Rightly or wrongly, personally I consider all the deaths of all people who left their homes as a result of the actions of the Pakistan authorities and their collaborators as genocidal deaths. Perhaps we will never know the accurate figure. It could easily be over three million.

It is important to also record the different forms of genocide. I heard of an incident at Sherpur's Haluaghat, which was also recorded by one of the Newsweek correspondents at the time.

"Young men of the village were called together by a Pakistani Army major and he said that his wounded soldiers urgently needed blood. Would they be donors? The young men lay down on makeshift cots, needles were inserted in their veins-and then slowly the blood was drained from their bodies and they died."  Newsweek's Tony Clifton, a recipient of the 'Friends of Liberation War Honour', wrote.

"The refugees stand patiently, calf deep in stagnant water, eager to tell me their stories so I can tell others. I collect a notebook of horror – rape and murder and kidnapping. They tell me how they saw their children stabbed, their husbands or brothers executed, their wives collapsing with fatigue or sickness. The stories are all new, and all the same."

Now, 47 years after the emergence of Bangladesh, it is vitally important that the world authorities officially accept and recognise that what happened in Bangladesh in 1971 was genocide. There are many eye witness accounts that have been documented. For example, the powerful writing of Anthony Mascarenhas who visited East Pakistan in April 1971 (his writing, entitled 'GENOCIDE', was published on Jun 13, 1971 by The Sunday Times).

The May 22, 1971 editorial of US publication, 'Saturday Review' entitled 'Genocide in East Pakistan'. And the British magazine, 'The Spectator' in its issue of Jun 19, 1971, in an article entitled, 'Another Final Solution' included the following:

"We, in this country, like to think that among the reasons why we fought the Germans in the last war was to rid the world of the evil of Hitler and his gang and their genocidal, 'final solution.' It is easier to imagine Germany's gas chambers than Pakistan's cholearic slaughter in the Bengal Plain, but it remains the case and it ought to be declared that the Pakistani crime now matches the Hitlerian in dimension and horror and threatens monstrously to exceed it.
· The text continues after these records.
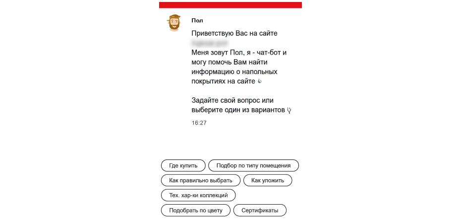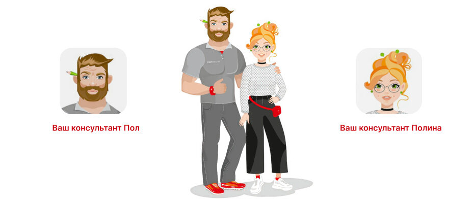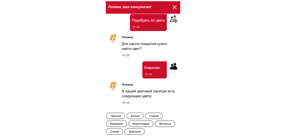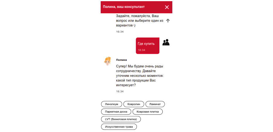 Полина — романтичный дизайнер, работает с конечными покупателями. Помогает подбирать покрытия по цвету, цене, типу помещения и стилю интерьера, дает рекомендации по сочетанию материалов. При первом посещении сайта пользователю показывается баннер с двумя персонажами. Сделанный выбор сохраняется в cookie, чтобы при следующем визите автоматически подключался нужный ассистент (с возможностью смены).
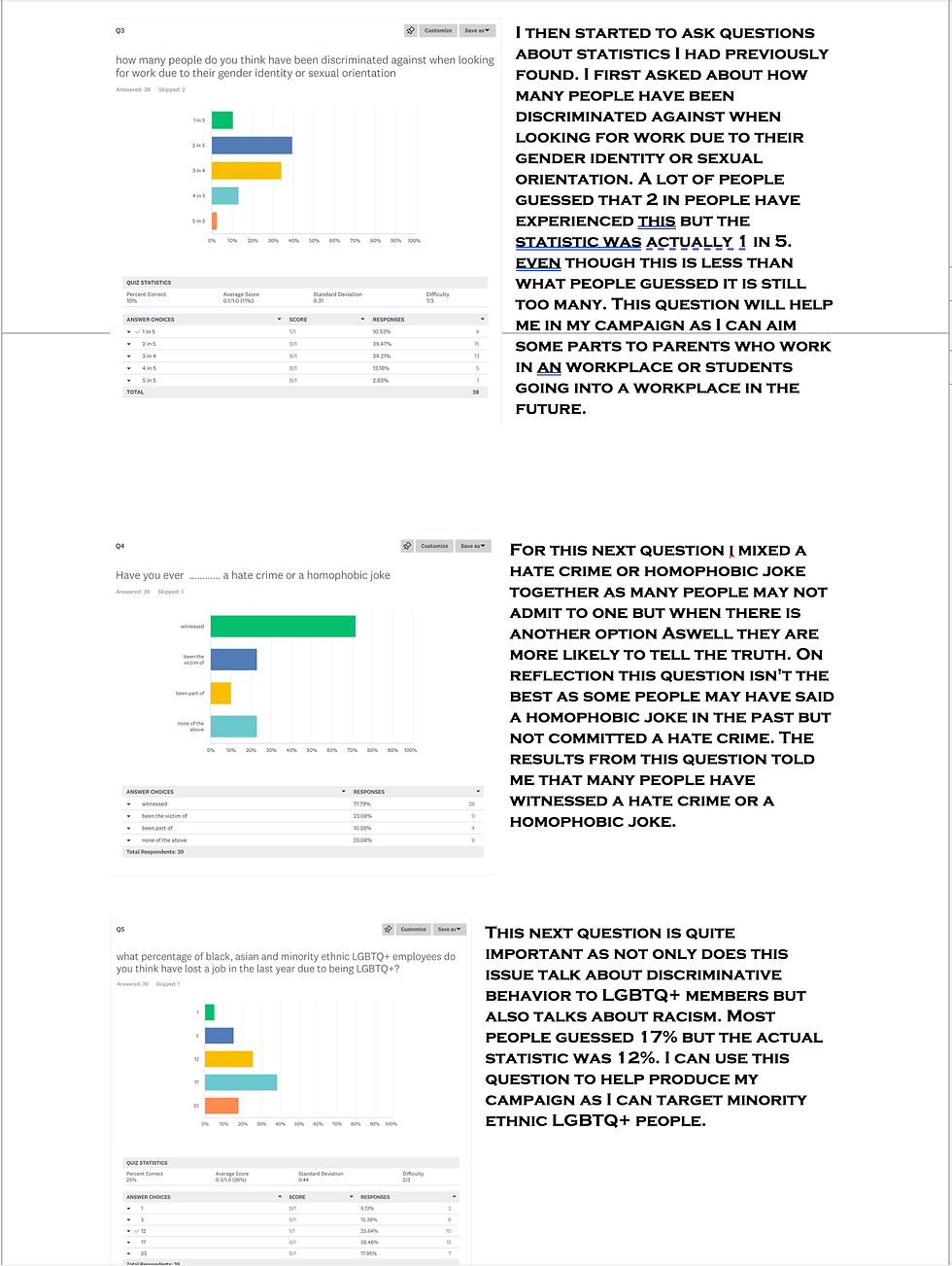 The first question I asked was what the group thought my campaign was about using posters and logos. All the group agreed that the campaign is about LGBTQ+, the next question was of a similar nature but was about the logo. The feedback suggested the logo did show off the brand identity. However, if the rainbow text were not rainbow then the brand identity would be lost. The next question asks if there is a link between the posters and the feedback tells me that there is a link, and they are easily identified as being part of the same campaign. It was important to find the positives and negatives of the campaign posters so that was my next question. The feedback told me that they are eye catching, have a clear link however the logo and information text should be larger. I then asked about the social media platforms I used to promote my campaign. The feedback I received told me that the platforms are good choices as they are popular platforms amongst the target audience. I then showed the group my campaign videos and then also my new resubmission video and asked if they linked to the campaign, the group all agreed that all the videos linked to the campaign. I then asked how the group thinks the campaign appeals and links to the target audience. The group said that because I used students in the posters it means that other students can relate to them due to being a similar age and in a similar environment. To add to this question, I asked what the group would change about the campaign. The feedback was that the logo could be more eye catching and represent the brand identity better. Next question was regarding the colour scheme. The group agreed that the colour scheme was eye-catching and memorable. The last question was about whether they would remember the campaign if they saw one of the posters on a form of public transport. All members of. The group said they would remember the campaign. Getting this feedback from a group has been helpful to understand what could make my campaign better. Even though I cannot change my current campaign, this feedback while help me in future tasks.
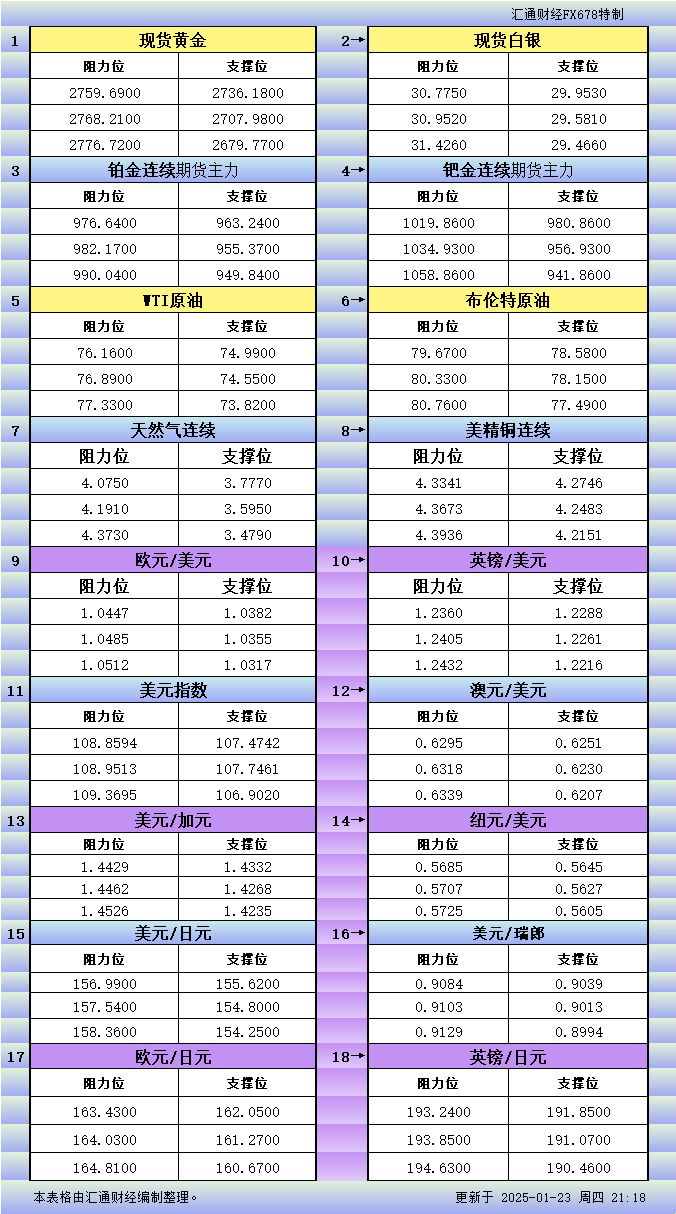 1月23日美市更新支撑阻力:18品种支撑阻力(金银铂钯原油天然气铜及十大货币对)
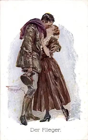 Künstler Ak Der Flieger, küssendes Liebespaar, Abschied

Difficult and unpleasant though it may be, each one of us ought to endeavour to the best of his ability to imagine the enormity of the Pakistani crime."

The Ministry of Foreign Affairs should be asked to ensure that all high commissions and embassies around the world must get ready to bring the issue of the genocide in 1971 to their respective host governments and to seek their cooperation in recognising it.